Director of Tax Planning, The Northern Trust Institute

Due to quirks in the legislative process for tax bills, it is not uncommon for Congress to enact laws with provisions that remain in effect for a limited time. Changes to the law that expire, at which point the rules revert to what was in effect before the change, are said to “sunset.” In the estate and gift tax world, the Tax Cuts and Jobs Act of 2017 doubled the amount of assets that a donor can give, whether during life or at death (“exemption”), without incurring tax. That provision is scheduled to sunset on Dec. 31, 2025, at which time the exemption is set to drop from its current level of $13.61 million to around $7 million.1

The financial press and the blogosphere currently are filled with exhortations to taxpayers that there is a now or never opportunity to make gifts; that the increased exemption must be used now, or it will be lost forever. This creates a sense of urgency to make a gift. But is the sky really falling?

Consider the following facts:

  • The urgent deadline only applies, if it applies at all, to taxpayers who can make a gift of more than $7 million (the post-sunset exclusion amount). Those who are not considering a gift over that amount are not impacted by the sunset.
  • Lifetime gifts are a great tax planning strategy even if the sunset does not occur. For those who want to make a gift and can afford it, there are good reasons to proceed regardless of the sunset.
  • The sunset may not happen. Congress has time to act to change the law, so gifts made in anticipation of the sunset should be ones the donor is happy making even if the sunset is repealed.

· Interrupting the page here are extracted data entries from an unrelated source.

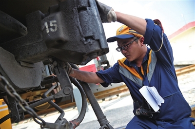 王磊负责给火车加水,每人负责3节车厢,每天要给近60列火车加水。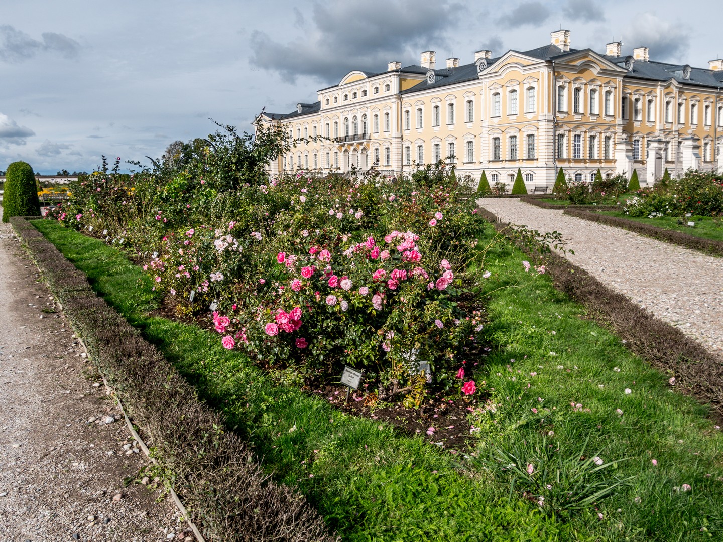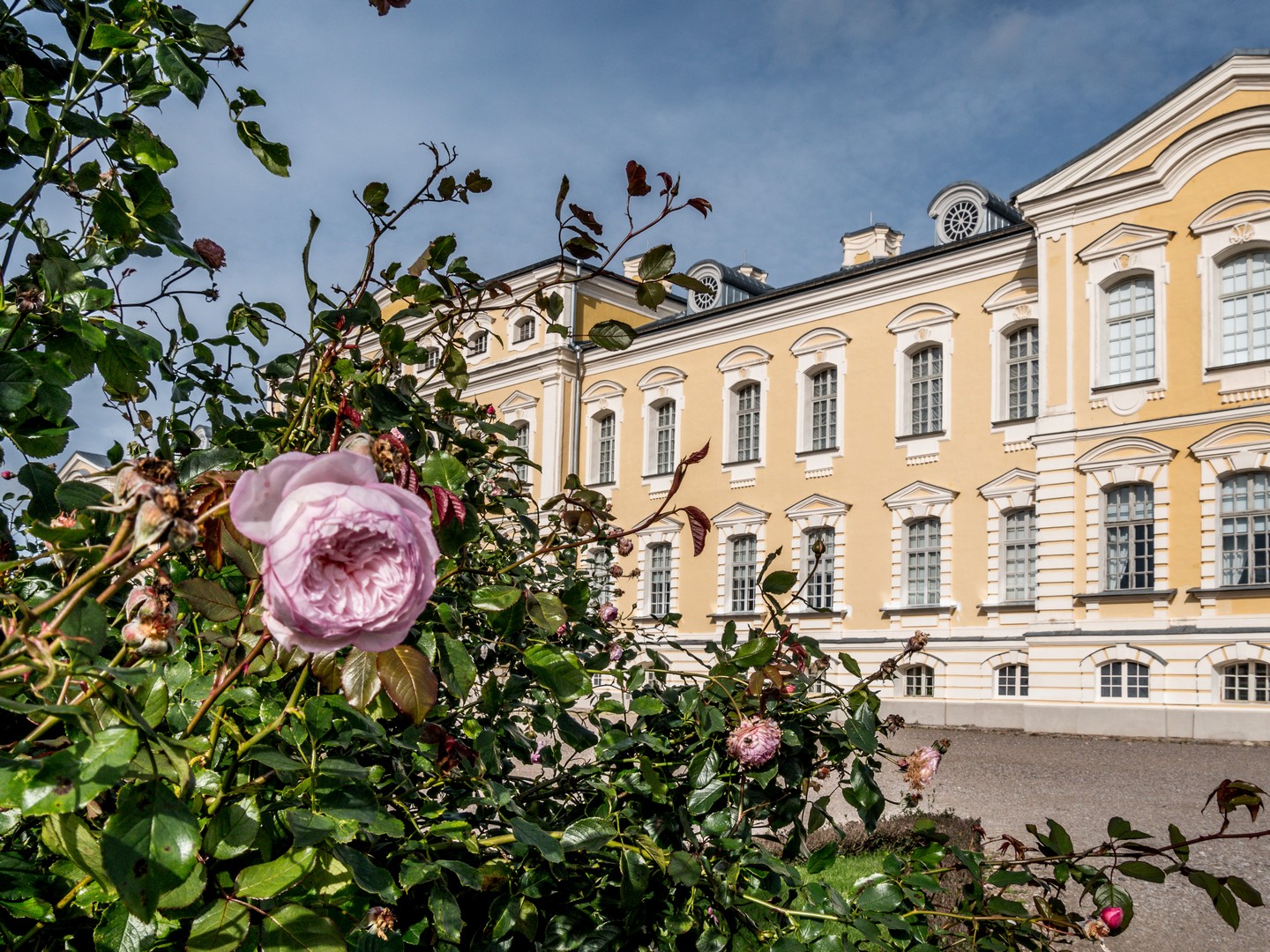 Ce qui n’existait pas à l’origine, c’est la roseraie. Au plus près du palais, 52 parterres de roses de toutes les couleurs s’épanouissent (la rose semble avoir un place importante dans le cœur des Lettons, nombre de places de villes porte le nom de « Place des roses »). J’y ai passé de longs moments à humer les différents parfums et à admirer les couleurs des dernières roses de l’année, l’automne étant déjà bien avancé à la période de l’année où je visitais le palais. Du coup, j’ai aussi loupé le café qui ouvre dans un des pavillons du palais l’été ! J’ai aussi également manqué le cavau des Ducs de Courlande où reposent, entre autres, les deux von Biron et leur famille.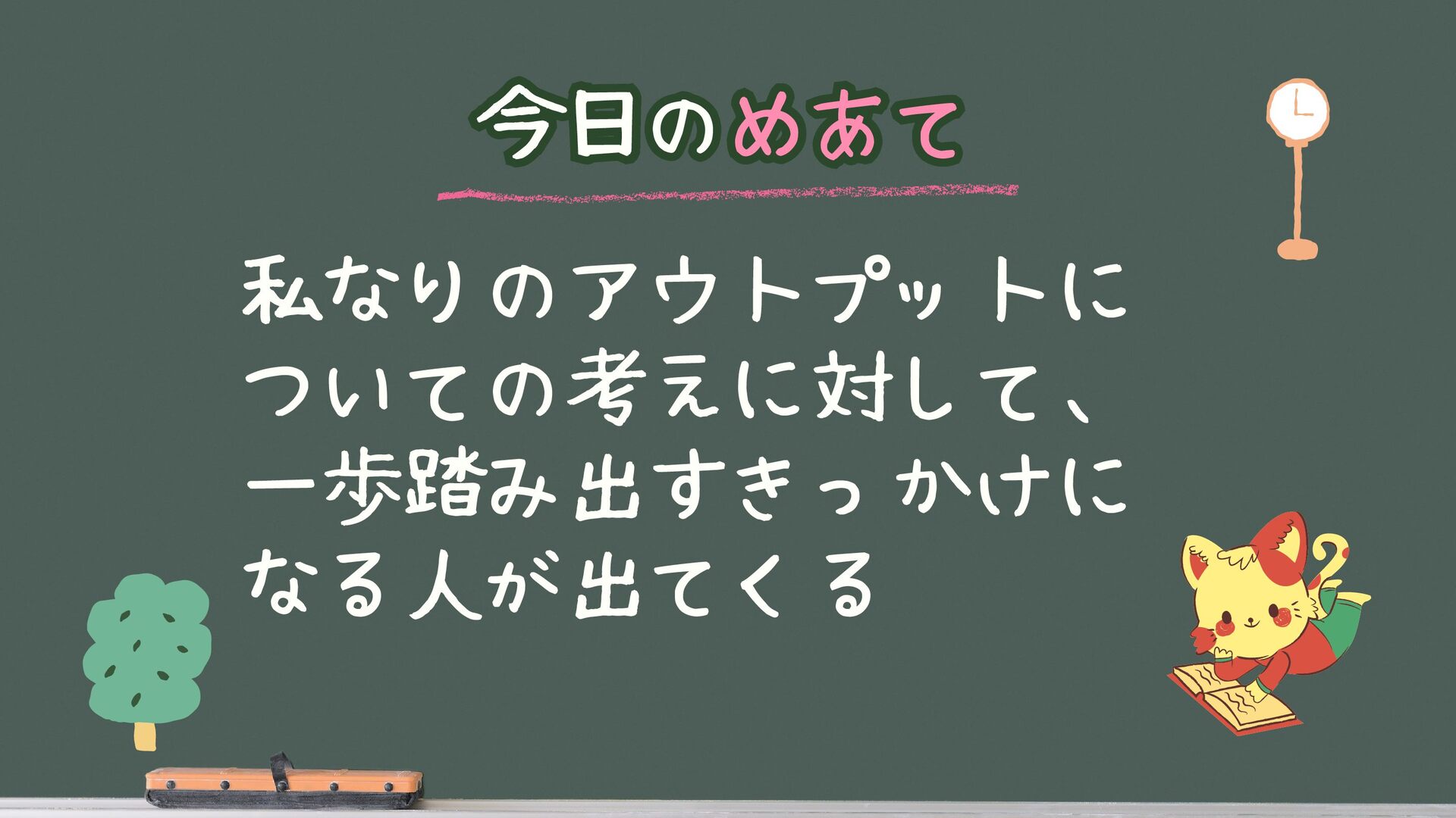 私なりのアウトプットに ついての考えに対して、 一歩踏み出すきっかけに なる人が出てくる 今日の 今日のめあて めあて 今日のめあて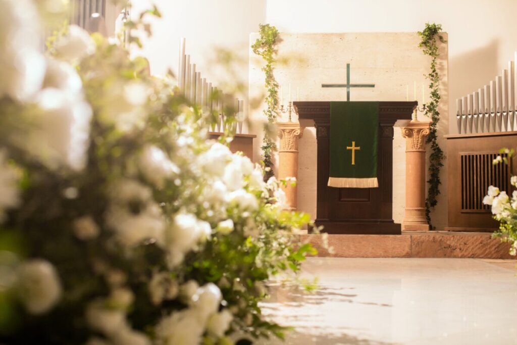 ピューエンズ」とは、結婚式の際に教会やチャペルのバージンロード沿いに並ぶベンチ(ピュー)の端に添えられる装花のこと。**“天使の足跡”**とも呼ばれ、新郎新婦を悪いものから守り、天使がそっと祝福しているという想いが込められています。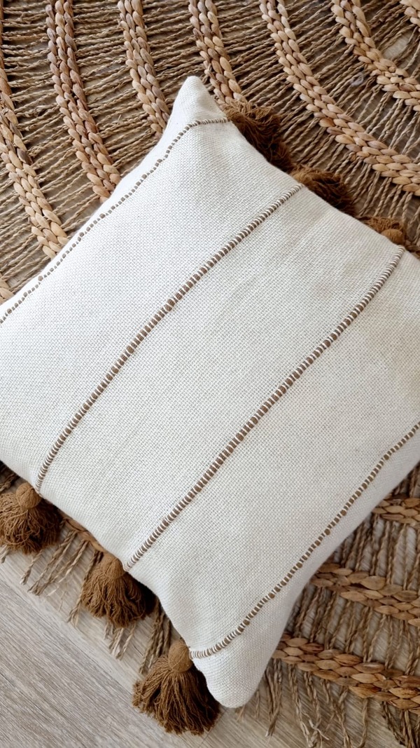 Capa de almofada decorativa bege caramelo com tassel lateral 45×45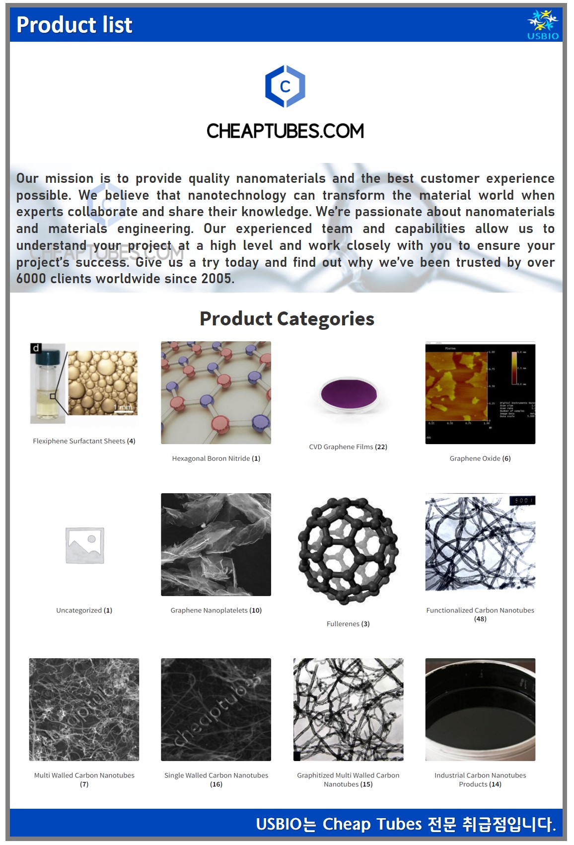 Cheap Tubes은 탄소 나노 튜브(carbon nanotube) 및 탄소 원자로 이루어진 얅은 막인 그래핀(graphene)을 공급하고 있는 업체입니다. Cheap Tubes의 제품은 대부분의 경우 그램(g) 단위이며 전도성 나노 튜브 복합재, 탄소 나노 튜브 마스터 배치, 산업용 등급 탄소 나노 튜브의 경우 킬로그램(kg) 당으로 공급하고 있습니다.Cheap Tubes의 사명은 고품질 나노물질과 가능한 최고의 고객 경험을 제공하는 것이며 그 분야의 전문가들과의 협력을 통해 나노기술로 물질 세계를 변화시키기 위해 노력하고 있습니다.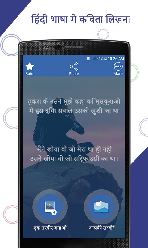 With 2018 hindi latest shayeri you can type on photos also type your emotions and feelings with justwords in your favorite hindi sairi language on your photos and vast category of frames of sad, romantic, love, friendship, rain,filings, december by using writing hindi poetry on exam shayari app.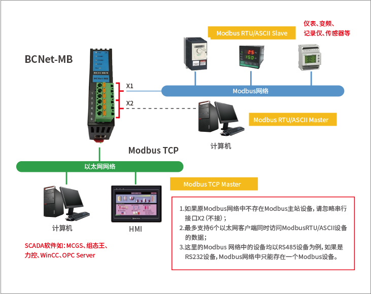 BCNet-MB 是一款經(jīng)濟(jì)型的以太網(wǎng)通訊處理器,是為滿足日益增多的工廠設(shè)備信息化需求(設(shè)備網(wǎng)絡(luò)監(jiān)控和生產(chǎn)管理)而設(shè)計(jì),用于Modbus 串行設(shè)備的以太網(wǎng)數(shù)據(jù)采集(Modbus RTU/ASCII 轉(zhuǎn)Modbus TCP),非常方便構(gòu)建生產(chǎn)管理系統(tǒng)。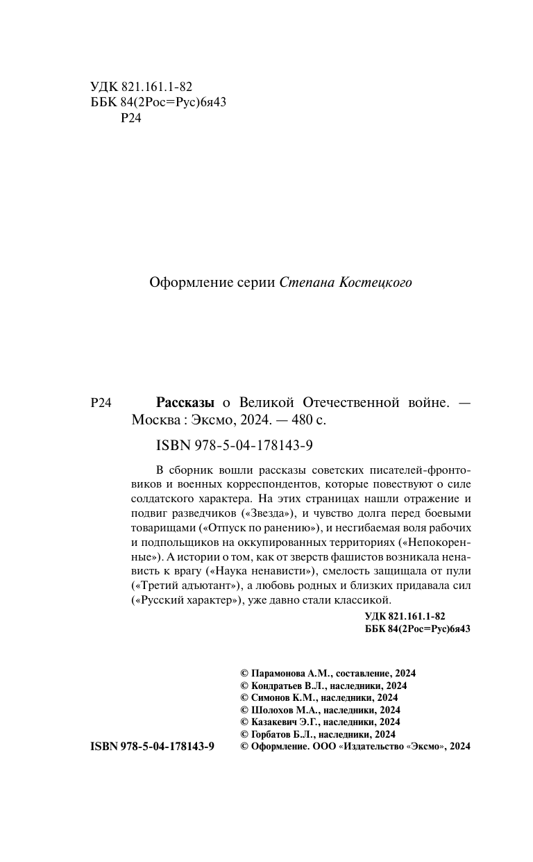 Рассказы о Великой Отечественной войне (Симонов К.М., Шолохов М.А., Толстой А.Н., Кондратьев В.Л., Казакевич Э.Г., Горбатов Б.Л.); ООО "Издательство "Эксмо", 2024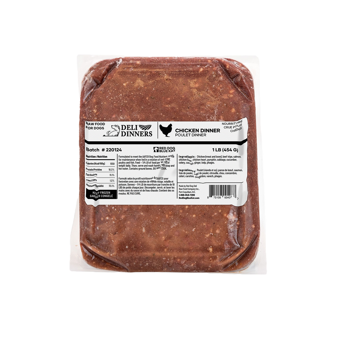 Free-run chicken (meat and bone), beef tripe, salmon, chicken liver, chicken heart, pumpkin, cabbage, cucumber, celery, carrots, ginger, kelp, and bacteriophages.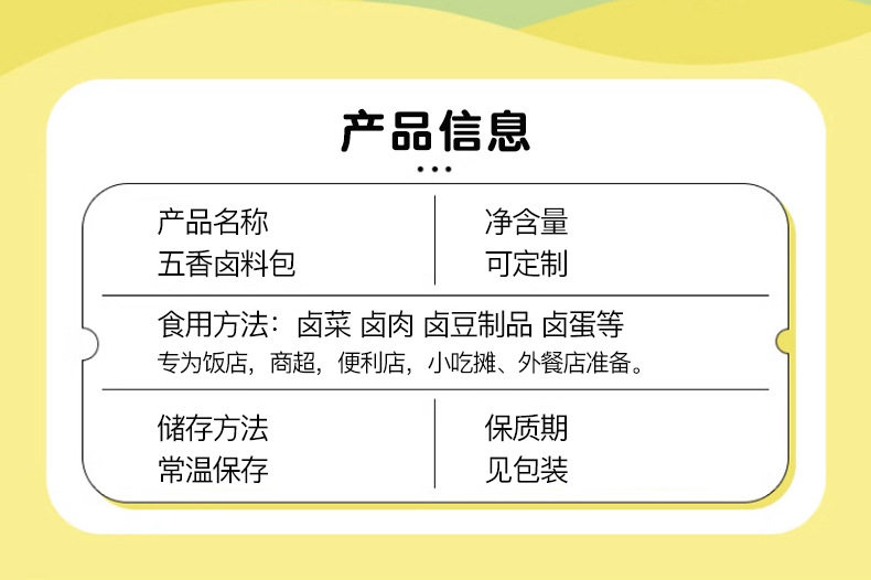 | Specifications | Five-spice marinade bag |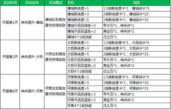 新服活动5:神兵提升--摧城、太极、何幸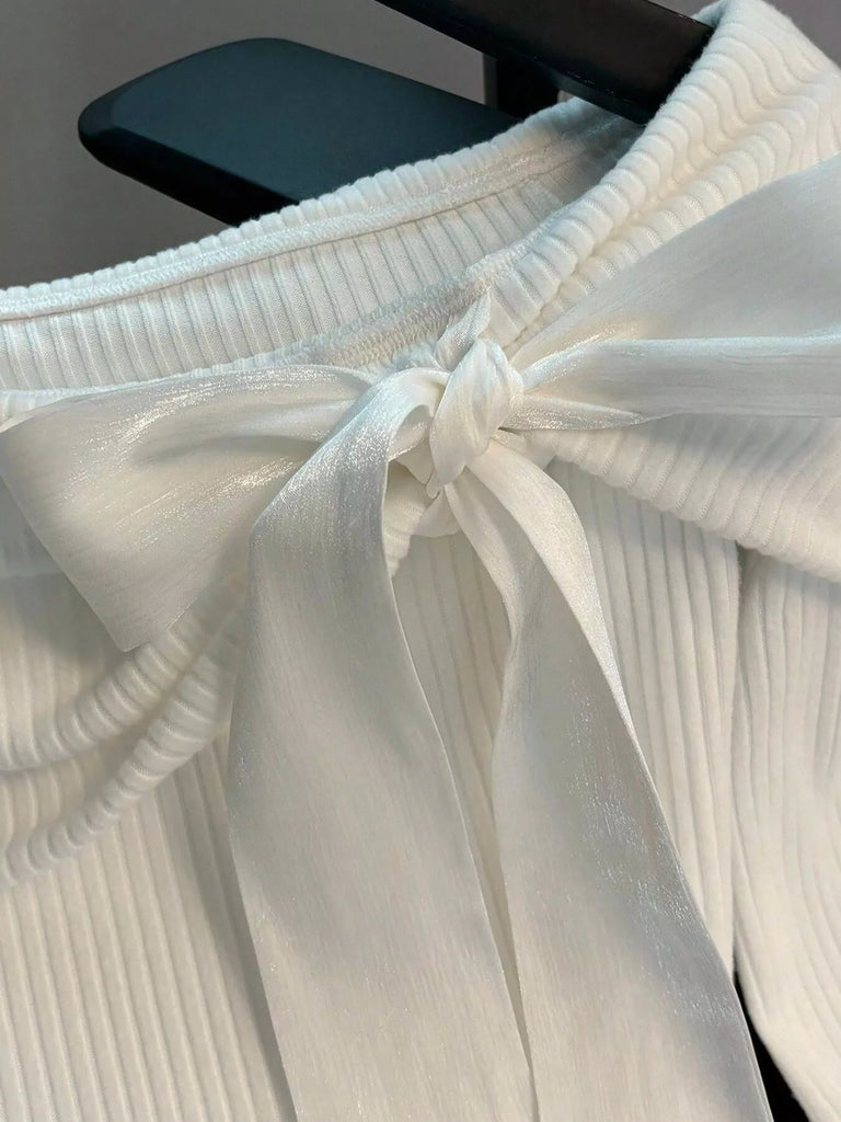 Off-Shoulder Bowknot Ribbed Knit T-Shirt

Let’s examine these closer before following Chicken Little.

Will the exemption really sunset?

Many times, when Congress enacts a provision that sunsets, they are kicking the ball down the road to a future Congress to wrestle with. And often the stakes are extremely high with an abrupt sunset as the default, rather than more gradual adjustments. In this case, that “down the road” coincides with an election year, making the exemption an election hot topic. For veteran estate and gift tax specialists, this is familiar territory as we have found ourselves in similar situations multiple times since the estate and gift tax exemptions were unified in 1976.

Estate, Gift and GST Tax Exemption Amounts

The sunset is automatic and the default if Congress does not enact legislation to change it. And given the narrow margins of control in Congress, passing legislation that the President will sign into law has been difficult for both sides of the aisle. However, it is important to remember that the exemption has never been reduced before, and that Congress has acted to prevent sunsetting at the last minute in previous situations, even when it was belatedly and with retroactive effect.

How does the sunset of the exemption impact a taxpayer?

The “Chicken Little” argument is that if a taxpayer dies today with a $13 million estate, no federal estate tax will be due (although in some states there would be a state level tax). After the sunset, assuming a $7 million exemption and ignoring possible deductions, the federal tax on the same estate would be an estimated $2.4 million. At first glance one might ask, “Who wants to risk paying $2.4 million in tax if they don’t have to, right?” This creates an incentive to act fast before time runs out.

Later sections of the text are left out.